Douglass C. North was born in 1920 in Cambridge, Massachusetts. He attended college at the University of California in Berkeley and majored in political science, economics and philosophy. Upon graduation, he decided to pursue his studies in law school, but it coincided with World War II. As he later wrote in his autobiography, “because of the strong feeling that I did not want to kill anybody, I joined the Merchant Marine when I graduated from Berkeley”. The three years he spent on the sea provided him with a great opportunity to read, and these readings convinced him to become an economist.
After WWII, he continued his studies at Berkeley and received his PhD in 1952. His dissertation was about the history of life insurance in the United States. North began a career of teaching which continued for nearly seven decades.
North strongly believed that to understand how markets function in a society, we should first analyze the nation’s institutions. He argued that traditional economics fails to explain how markets embed in institutions.
In the 60s, Douglass North introduced a new field in economics: Cliometrics. Cliometrics is a novel way to study economic history, through means of mathematical and quantitative methods. His first book, The Economic Growth of the United States from 1790 to 1860, reflects on this point. Before him, economic history was merely a descriptive area. However, in 1977, North came to realize that although Cliometrics can test explanations for historical change, it cannot propose new explanations for economic growth.

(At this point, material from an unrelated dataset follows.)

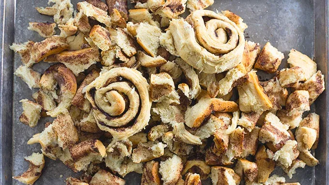 While still warm, cut or tear 8 of the cooked cinnamon rolls into bite-sized pieces, discarding remaining 2 rolls or saving for another use. Arrange pieces in a single layer on a large flat surface and allow to cool completely.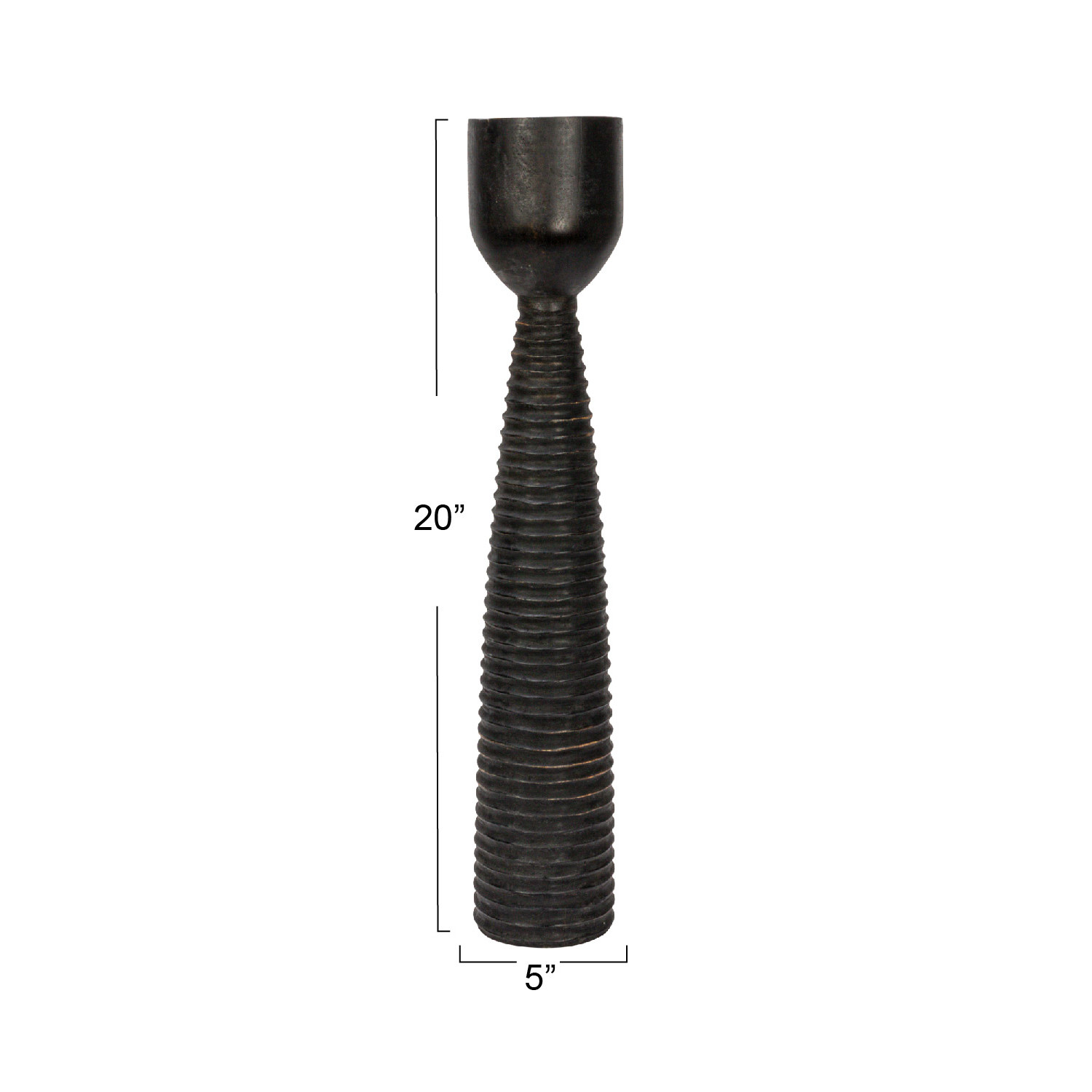 Illuminate the home with this black mango wood ribbed candle holder. This candle holder features a hand-carved mango wood construction that has a ribbed texture and a black finish. The mango wood material is pure and eco-friendly, as it comes from trees that are harvested after they stop producing fruit. The candle holder has a round base and a round top that can hold a 4-inch pillar candle (not included) creating a cozy and romantic atmosphere. It measures 5 inches in diameter and 20 inches in height. Whether used as a standalone piece or with a matching set, this candle holder will be a stunning accent for a table centerpiece, mantelpiece, or fireplace. A tall and slender candle holder with a hand-carved mango wood construction and a black finish. Suitable for any home decor style, especially rustic, dark, or timeless. Perfect for adding some height and elegance to a table centerpiece, a mantelpiece, or a fireplace. Made of pure mango wood.

According to his article “Institutions, Institutional Change and Economic Performance” which he wrote in 1990, institutions are constraints devised by people and imposed on their political, economic, and social behavior; they include habits and customs as well as formal constraints such as laws. He then tried to explain the impacts of institutions on individual behavior and economic performance, making him the father of new institutionalist economics. Institutions, as North believed, affect both economic performance and the market because institutions are all about human beings – how they interact with one another and how they structure their world. These institutions affect the costs of producing goods, the ability to sell goods, and thus economic growth rates.
In 1993, Douglass North was awarded Nobel Prize in economics, along with Robert Fogel, for “having renewed research in economic history by applying economic theory and quantitative methods in order to explain economic and institutional change.”
He died in 2015 because of esophageal cancer. He was 95.